● WHAT TO WORK ON
Nothing below is to be printed except the lines between the line holding "Color: 1 karat" and the line holding "Fototapet Store sorte", inclusive, each exactly as it appears.
[[ DATA SHOWN open ]]
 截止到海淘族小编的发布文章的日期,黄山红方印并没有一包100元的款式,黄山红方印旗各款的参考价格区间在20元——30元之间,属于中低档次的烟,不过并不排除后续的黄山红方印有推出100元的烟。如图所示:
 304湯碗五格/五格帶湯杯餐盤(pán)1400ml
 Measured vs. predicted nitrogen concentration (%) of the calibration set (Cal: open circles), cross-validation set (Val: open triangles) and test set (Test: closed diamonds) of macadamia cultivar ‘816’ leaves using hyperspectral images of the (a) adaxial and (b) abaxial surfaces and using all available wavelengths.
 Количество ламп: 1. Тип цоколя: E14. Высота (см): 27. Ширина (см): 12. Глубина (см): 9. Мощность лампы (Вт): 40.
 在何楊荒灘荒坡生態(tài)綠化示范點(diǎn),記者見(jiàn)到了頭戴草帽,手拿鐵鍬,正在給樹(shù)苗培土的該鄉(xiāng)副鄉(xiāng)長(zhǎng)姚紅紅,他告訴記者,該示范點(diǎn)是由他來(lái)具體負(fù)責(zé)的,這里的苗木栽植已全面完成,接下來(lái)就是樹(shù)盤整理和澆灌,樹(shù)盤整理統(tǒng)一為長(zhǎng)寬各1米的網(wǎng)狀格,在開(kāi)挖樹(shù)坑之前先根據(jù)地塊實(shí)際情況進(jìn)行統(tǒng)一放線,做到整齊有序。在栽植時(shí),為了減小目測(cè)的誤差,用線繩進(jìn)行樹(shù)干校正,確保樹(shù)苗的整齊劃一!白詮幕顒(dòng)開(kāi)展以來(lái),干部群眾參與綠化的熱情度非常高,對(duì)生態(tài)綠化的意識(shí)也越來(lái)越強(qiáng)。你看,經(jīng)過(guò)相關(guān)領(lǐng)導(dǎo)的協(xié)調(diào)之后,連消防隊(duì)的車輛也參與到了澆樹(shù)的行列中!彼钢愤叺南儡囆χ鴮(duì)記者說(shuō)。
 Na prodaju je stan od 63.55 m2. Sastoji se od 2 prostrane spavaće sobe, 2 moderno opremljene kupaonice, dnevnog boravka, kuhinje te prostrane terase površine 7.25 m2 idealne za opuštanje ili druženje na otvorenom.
[[ DATA SHOWN closed ]]
[[ DATA SHOWN open ]]
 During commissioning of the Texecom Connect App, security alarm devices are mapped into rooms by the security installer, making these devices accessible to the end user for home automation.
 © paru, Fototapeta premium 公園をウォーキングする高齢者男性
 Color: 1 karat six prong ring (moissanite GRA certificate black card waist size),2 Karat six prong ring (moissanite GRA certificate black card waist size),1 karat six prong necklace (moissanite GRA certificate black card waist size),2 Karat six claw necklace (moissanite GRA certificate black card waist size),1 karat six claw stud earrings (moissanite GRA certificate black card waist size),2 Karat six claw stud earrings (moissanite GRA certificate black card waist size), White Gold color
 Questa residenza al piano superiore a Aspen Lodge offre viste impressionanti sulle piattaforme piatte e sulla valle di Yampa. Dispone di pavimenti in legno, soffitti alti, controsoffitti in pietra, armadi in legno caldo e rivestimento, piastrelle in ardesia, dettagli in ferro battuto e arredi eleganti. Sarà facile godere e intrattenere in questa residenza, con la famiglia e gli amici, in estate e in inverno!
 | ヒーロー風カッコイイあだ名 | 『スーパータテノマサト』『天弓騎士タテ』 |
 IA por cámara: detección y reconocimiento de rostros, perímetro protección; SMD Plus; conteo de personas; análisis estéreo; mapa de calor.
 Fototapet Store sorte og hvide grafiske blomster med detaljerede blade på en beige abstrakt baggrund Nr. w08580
[[ DATA SHOWN closed ]]
● ANSWER BOX
 Color: 1 karat six prong ring (moissanite GRA certificate black card waist size),2 Karat six prong ring (moissanite GRA certificate black card waist size),1 karat six prong necklace (moissanite GRA certificate black card waist size),2 Karat six claw necklace (moissanite GRA certificate black card waist size),1 karat six claw stud earrings (moissanite GRA certificate black card waist size),2 Karat six claw stud earrings (moissanite GRA certificate black card waist size), White Gold color
 Questa residenza al piano superiore a Aspen Lodge offre viste impressionanti sulle piattaforme piatte e sulla valle di Yampa. Dispone di pavimenti in legno, soffitti alti, controsoffitti in pietra, armadi in legno caldo e rivestimento, piastrelle in ardesia, dettagli in ferro battuto e arredi eleganti. Sarà facile godere e intrattenere in questa residenza, con la famiglia e gli amici, in estate e in inverno!
 | ヒーロー風カッコイイあだ名 | 『スーパータテノマサト』『天弓騎士タテ』 |
 IA por cámara: detección y reconocimiento de rostros, perímetro protección; SMD Plus; conteo de personas; análisis estéreo; mapa de calor.
 Fototapet Store sorte og hvide grafiske blomster med detaljerede blade på en beige abstrakt baggrund Nr. w08580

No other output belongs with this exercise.